Artificial Intelligence and Web Design


Hello, World. I am your web designer…

Recently, I read an article about using artificial intelligence (AI) for the instructional design of courses. Initially, that frightened me. First of all, it might mean less work for instructional designers – which I have both been and run a department working with them. Second, it’s hard for me to imagine AI making decisions on pedagogy better than a designer and faculty member.

Of course, using AI for that kind of design is probably limited (at least at first) to automating some tasks like uploading documents and updating calendars rather than creating lessons. Then again, I know that AI is being used to write articles for online and print publications, so who knows where this might go in the future.

I just read another piece asking “Is Artificial Intelligence the Next Stepping Stone for Web Designers?” and, of course, my concerns are the same – lost jobs and bad design.

Certainly, we are already using AI in websites, particularly in e-commerce applications. But using AI to actually design a website is very different.

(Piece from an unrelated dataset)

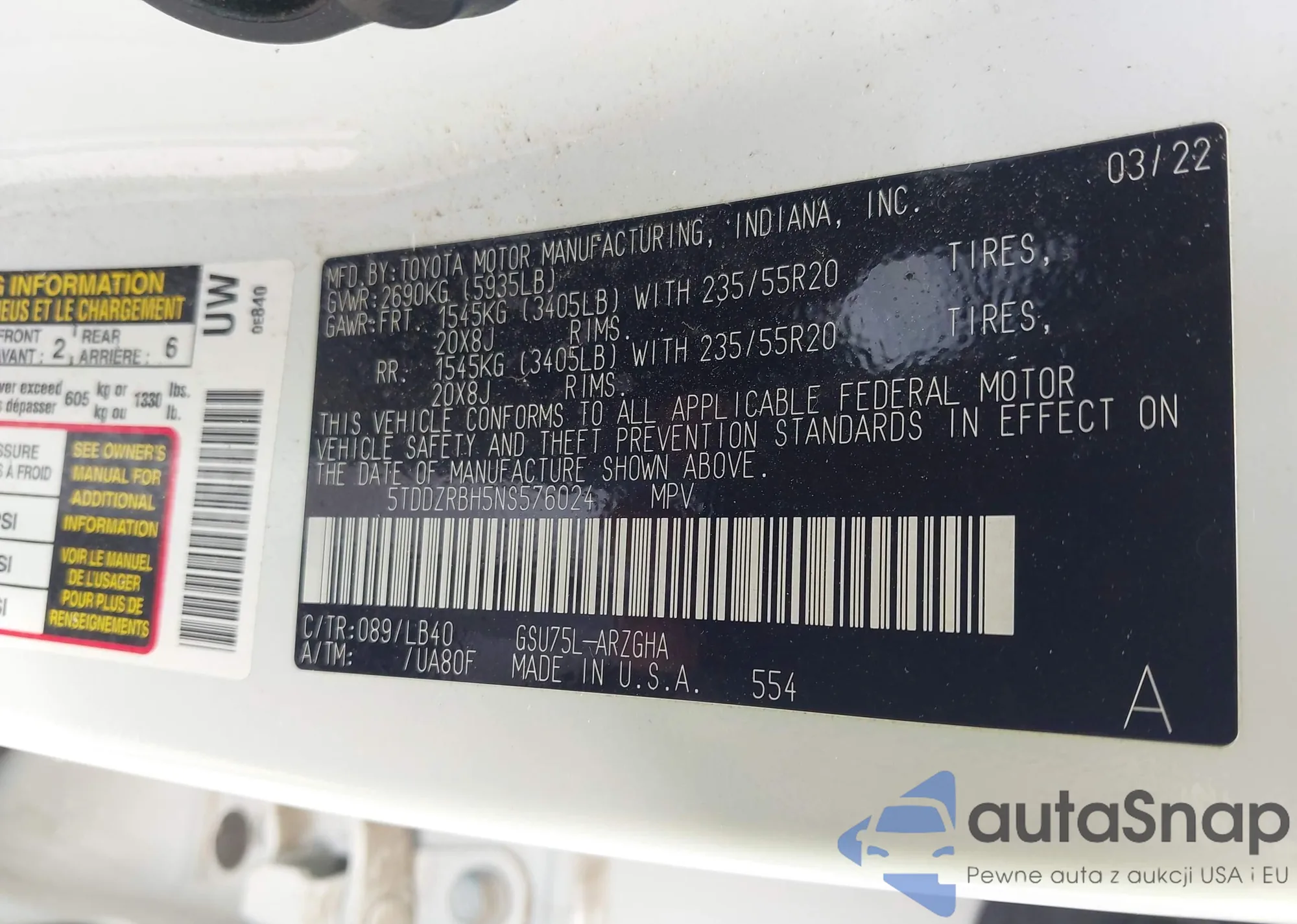 VIN: 5TDDZRBH5NS576024

Some companies have started to use AI for web design. A user answers some questions to start a design: pick an industry or category (portfolio, restaurant, etc.), enter a business name, add a subtitle/slogan/brand, upload a logo, enter an address, hours of operation, and so on. The AI may offer you a choice of templates and then in a few clicks, the basics of the site are created.

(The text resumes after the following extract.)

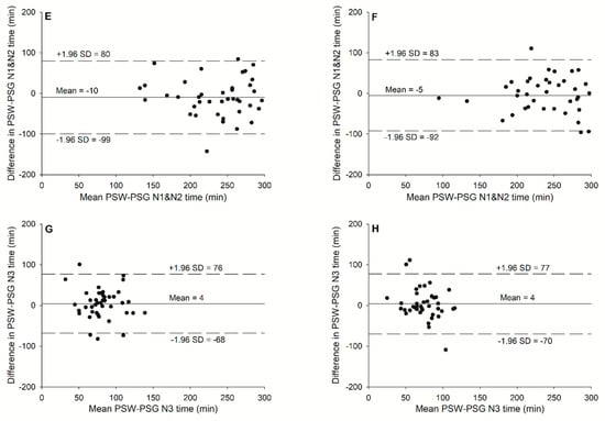 Bland-Altman plots for (A) awake time without exercise, (B) awake time with exercise, (C) REM stage time without exercise, (D) REM stage time with exercise, (E) N1 and N2 (light sleep stage) time without exercise, (F) N1 and N2 (light sleep stage) time with exercise, (G) N3 (deep sleep stage) time without exercise, and (H) N3 (deep sleep stage) time with exercise against the mean of the two measurements with the prototype sport watch (PSW) and the gold standard, PSG.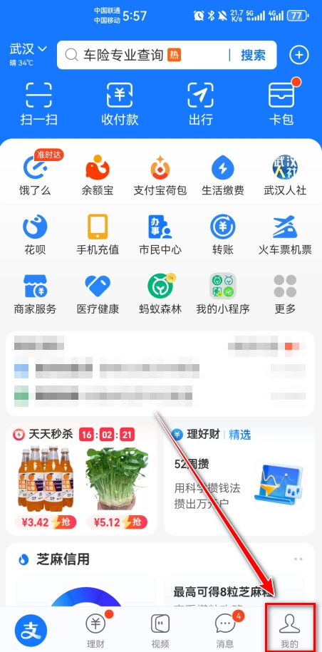 1.打开支付宝,点击右下角我的。

This is an extension of the shift 20 years to template-driven web design. Now, it is based on machine learning techniques with human intervention at the initial stage by providing their desired information and probably again after the site is created to fine-tune.

I do a lot of designs in Squarespace and they are clearly using AI and machine learning to get you started. Do you still need human intervention? Absolutely. Does the human need to be a “designer”?  Clearly, the goal is to allow anyone to do a good job of creating a website without a designer.

In my own work, I still find many people need someone with experience and training to create the site, but they can oftentimes maintain it on their own if the updates are simple. I have also had clients who with just a few clicks have completely wrecked their websites. And there is no Cntrl-Z or Undo button to put it back together again.

AI will change – dare I say revolutionize – many industries and design is certainly on the list. When AI can make the process more efficient, I am all for it, but I stu=ill like the human factor in any design project.

Can We Measure Social Media Sentiment?


Social media sentiment is the perceived positive or negative mood being portrayed in a social media post or engagement.

If you could track sentiment accurately, it would help you understand the person’s feelings behind the post. As a marketer, this would be very useful, but would also be useful for individuals.

Certainly, there is sentiment behind every post. But can it be measured with any certainty?

There are scholarly articles about social media sentiment and a good number of companies that are working on trying to measure sentiment, which you might also see described as sentiment analysis or opinion mining. By any name, this is the analysis of the feelings (i.e. attitudes, emotions and opinions) behind the words.

Most of the tools use natural language processing. Natural language processing (NLP) is a field of computer science, artificial intelligence, and computational linguistics concerned with the interactions between computers and human (natural) languages.  It allows you to talk to your phone or some device in your home or car. These devices can understand your words (usually), but can they read your emotions? When you ask for directions are you angry, tired, frustrated or in a wonderful mood?  When someone responds to an offer posted in social media by a company by saying “This is crazy!” is that a good kind of crazy or an insanity crazy?

In social media, this is analysis that goes beyond Likes, Shares or Comments. Did people respond to the original post in a positive, negative, sarcastic, humorous or biased way? A human reader may be able to discern that, but can a tool do the same thing for hundreds, thousands or millions of posts?

The  complexity of emotional responses makes this analysis difficult. You have heard a lot lately about sites like Twitter and Facebook being told that they need to better monitor hate speech in their networks. How do you do that? Rely on users to report it? Have other humans monitor it? That won’t work when every second, on average, around 6,000 tweets are tweeted on Twitter, which corresponds to over 350,000 tweets per minute or 500 million tweets per day.

You need technology, but technology is famously not very good at reading human emotions.

There are some simple tools that some of you might already use for analysis.  Hootsuite Insights and Facebook Insights and SocialMention are some of the easy and more common free(mium) tools for analysis, but they are lacking in the analysis of sentiment. Many businesses and individuals use Google Alerts as a simple way to monitor their name, brand, and to track “content marketing” with the result being emailed as they occur, daily or weekly.

We are still a good ways off from a time when some combination of NLP and AI can read the sentiments of social media posts accurately, but the desire and need for it only grows more critical as networks grow.